Wilderness Watch is urging the Forest Service to protect the Cabinet Mountains Wilderness in northwest Montana by rejecting the latest mine proposal by HECLA Mining. Conservationists have long worked to protect this Wilderness from one of the world’s largest proposed copper and silver mines—the Rock Creek Mine. While the Rock Creek Mine is temporarily on hold, its parent company, HECLA Mining, is proposing to explore the eastern portion of the same Rock Creek-Montanore mineral deposit, which would also invade the Cabinet Mountains Wilderness.

The Cabinet Mountains Wilderness—one of the original 54 Wildernesses designated when the 1964 Wilderness Act was signed into law—is a 35-mile-long range of glaciated peaks, valleys, and clear lakes that’s home to a small population of threatened grizzly bears, as well as threatened Canada lynx and bull trout. The streams flowing through the Wilderness have some of the cleanest water in the country.
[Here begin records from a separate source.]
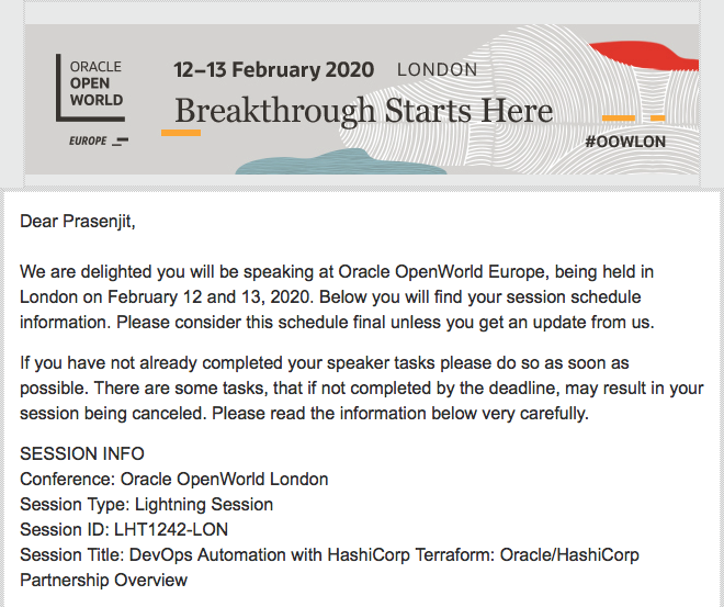 If you are attending Oracle Open World London then come and join my session "DevOps Automation with HashiCorp Terraform"
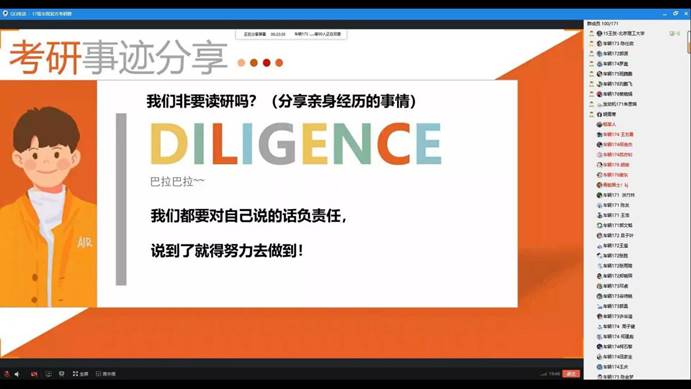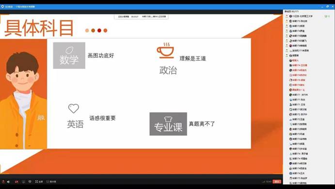 活动由员工会主席裴晓娟主持,她首先介绍了活动开展的目的、当前17级学子面临的抉择,学业职业发展压力等,强调了分享会的纪律要求并鼓励大家积极互动。随后,王贺结合自身考研前后经历,整体性提出建议大家考研必须下决心,一旦决定了就要勇往直前、绝不回头。复习过程中,平心静气、寻找盟友、客观评估是一个良好的开端,遇到复习困难要多与同学老师交流,疫情期间要充分利用现在的互联网平台开展线上复习,结合自己心仪考研公司的录考标准制定适合自己的一套循序渐进的复习计划。在具体各科目的复习经验方面,他说到英语是考研的拦路虎,提高英语水平重在平时的积累,每天抽出时间背单词、背作文都是必须坚持的,刷题也是备考最直观的提升方法。数学是工科考研的重头戏、是基础是关键,复习中除了不断的做真题,还要学会合理的利用错题集做到不在同一个问题上栽两次跟头,提高效率。政治重在理解要学会分析问题,知道出题人在问什么、自己要答什么,要做到答题有理有据。而专业课要学会把自己从书本上学习的基础知识进行提升,结合多重资料,扎扎实实巩固和提高。在互动交流环节,王贺耐心解答了每一名同学们的提问,还留下了联系方式和详细的复习笔记。他寄语备考的学子们:“考研路上不是一个人在战斗,我们都要对自己说的话负责任,说到了就得努力去做到,在遇到了困难时努力解决它,才能看出来你是不是真正的在用心前进”。
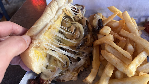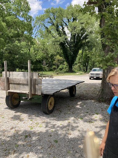 We waited out by the creek...for 45 minutes after lunch rush for two burgers with cheese and canned mushrooms and freezer fries. We were buzzed to come get our food finally. I go in and she hands me the food and i have to set the plates down on a table to open the door and go out. Luckily another patron offered to close the door because i wasnt going too. The significance of this is when we came in to order, it was far busier and the waitress offered to " get the door" for the person she was waiting on when we entered. Yet she was less busy when i picked up my food and didnt even consider opening the door for me forcing me to try to not spill my food and open the door both.
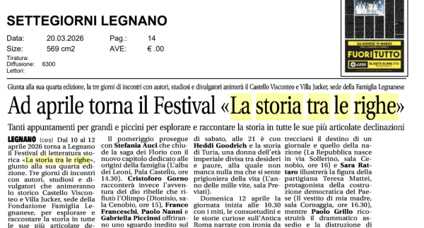 Dal 10 al 12 aprile 2026 torna a Legnano il Festival di letteratura storica “La storia tra le righe”, giunto... Leggi tutto
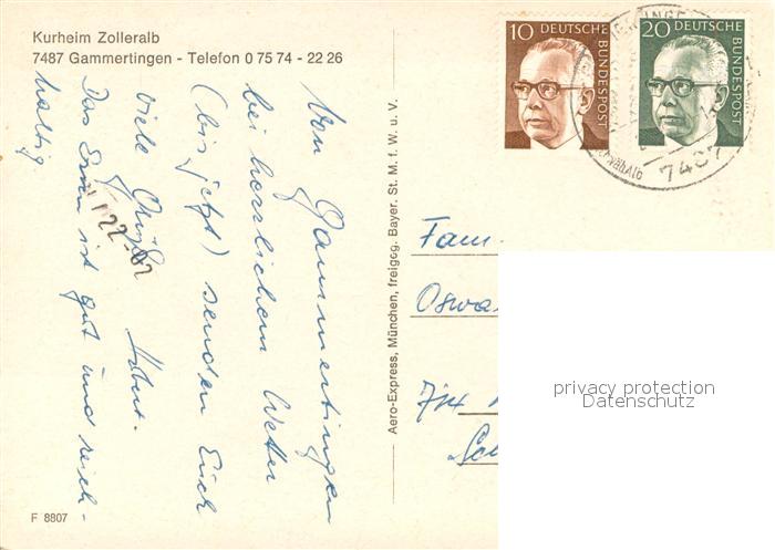 73719895 alte Postkarte Gammertingen Kurheim Zolleralb Fliegeraufnahme postalisch gelaufen Erhaltung siehe scans [WerneD78] KatCode: 11110008437031
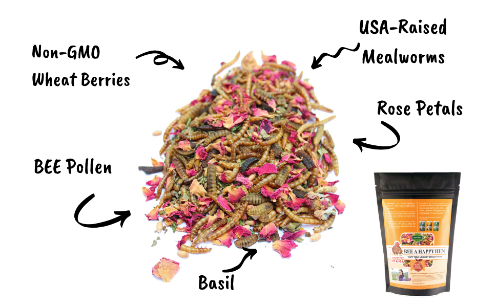 BEE A Beautiful Hen Herbal Treat With Mealworms, Wheat, Bee Pollen, & Rose Petals For Chickens 4 lb
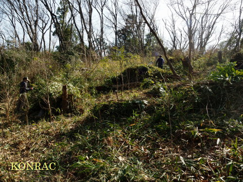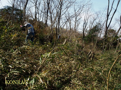 令和 4 年度第 27 回里山倶楽部 <芝生広場上雑木林のアズマネザサ刈り> 日時 2023年2月18(土) 10:00〜13:00 快晴 場所 生田緑地 芝生広場上雑木林(A09-8) 参加者 東 陽一、伊澤高行、岩渕裕輝、加登勇司、北川英樹、北澤千晴、佐藤奈緒、 野下智洋、村上忠義、吉澤正一 事務局 岩田臣生・・・11 名 芝生広場上雑木林は、ナラ枯れが始まった生田緑地において、ナラ枯れを起こさない若い雑木林をつくる目的で、伐採更新を計画した雑木林です。 伐採更新は、3年前の2020年1〜2月に高さ4mものアズマネザサのヤブを刈ることから始めました。 そして、同(2020)年10月〜翌(2021)年 3月に、また、2021年11月〜2022年 1月に、大径木を伐採しました。 その年(2022年)の夏期には、7/23(土)、9/3(土)、9/10(土)にアズマネザサ刈りを行いました。 暑くて、大変な活動でしたが、この時に刈った範囲は、ヤブにはなっておらず、夏刈りの成果だと納得しましたが、 その他の場所は、伐採した大径木を覆い隠すように、アズマネザサが茂っていました。 辺りには、アシビが開花し、ツノハシバミが雄花を見せていました。 この日は、点々とヤブをつくって広がっているアズマネザサに隠れながら、アズマネザサを刈りました。
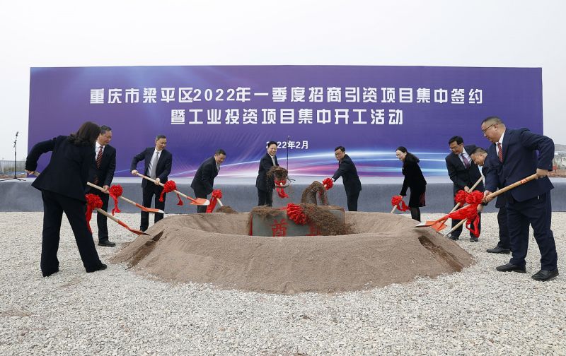 (2月25日,重慶市梁平區(qū)2022年一季度招商引資項(xiàng)目集中簽約暨工業(yè)投資項(xiàng)目集中開(kāi)工活動(dòng)現(xiàn)場(chǎng),奠基培土儀式)
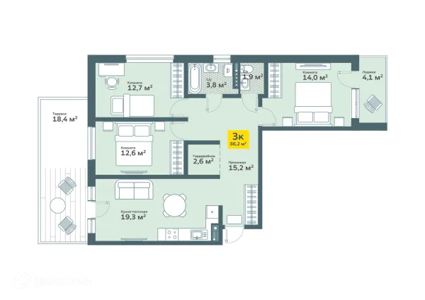 3 комн. квартира в Тюмени в ипотеку от 65 529 руб/месяц
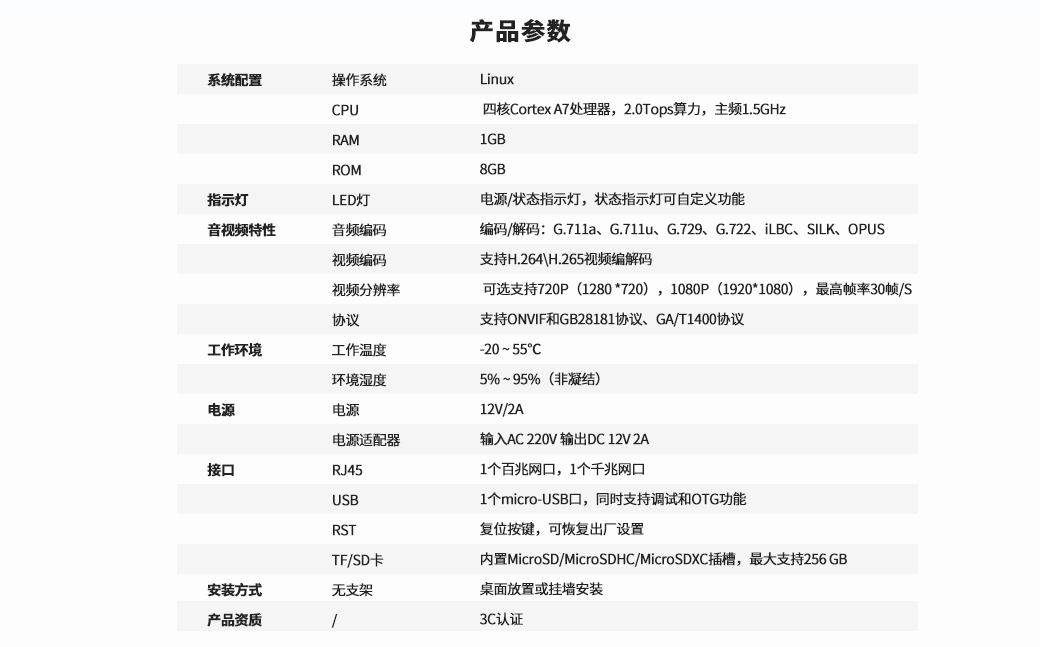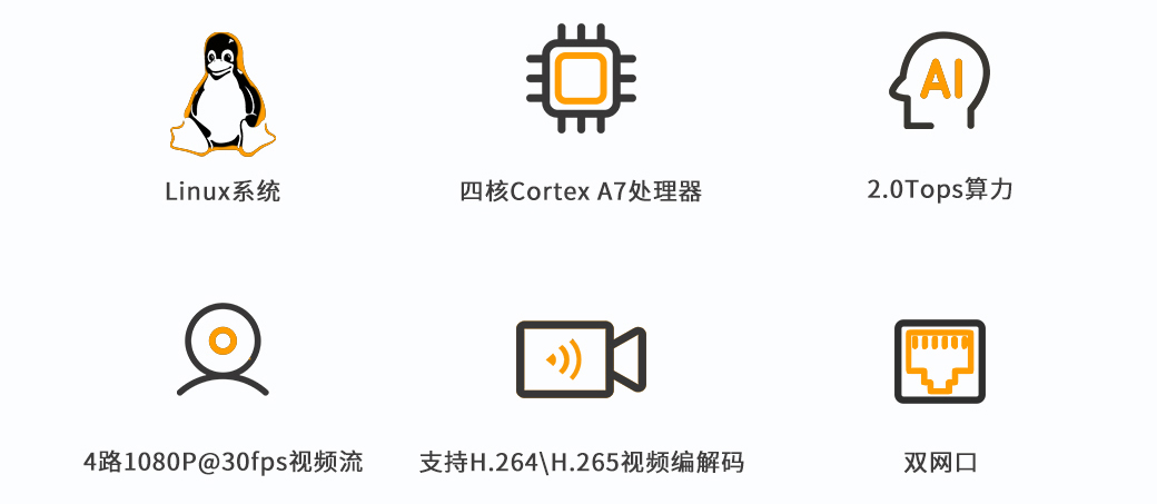 AI智能分析盒子采用linux操作系统,四核Cortex A7处理器,算力2.0Tops,主频1.5GHz;

Mining is fundamentally incompatible with preserving the Cabinet Mountains Wilderness, its wildlife, and its clean water. But HECLA Mining wants to drill thousands of feet of tunnels into the Wilderness from the east. The tunnels would cross the Cabinet Mountains divide in the Wilderness, from the Libby Creek watershed into the Rock Creek and Bull River watersheds. Mine exploration tunnels like this often fill with water, impacting groundwater flow.

The Forest Service’s Libby Exploration Project Draft Environmental Assessment has failed to adequately address the mine’s potential impacts to the Cabinet Mountains Wilderness or the effects of mining exploration, paired with climate change, on wildlife and water. In fact, the EA claims zero impacts to Wilderness, despite the fact that the project would last 16 years and is an extensive proposal of rehabilitating 7,000 feet of existing tunnel and building an additional 4,200 feet of tunnel, all in the Wilderness. 

Wilderness values like solitude, silence, and remoteness could be impacted by the close proximity of industrial mining activity and any associated development. Further, mine exploration waste would be stored outside the Wilderness next to Libby Creek and wastewater dumped into the creek, despite it providing critical habitat for threatened bull trout.

The proposed Rock Creek/Montanore mines have a long, complicated history, with the courts having rejected several state and federal approvals because the mines would violate multiple laws. This new draft EA is a step closer toward a huge operating mine—or series of mines—that would harm the Cabinet Mountains Wilderness.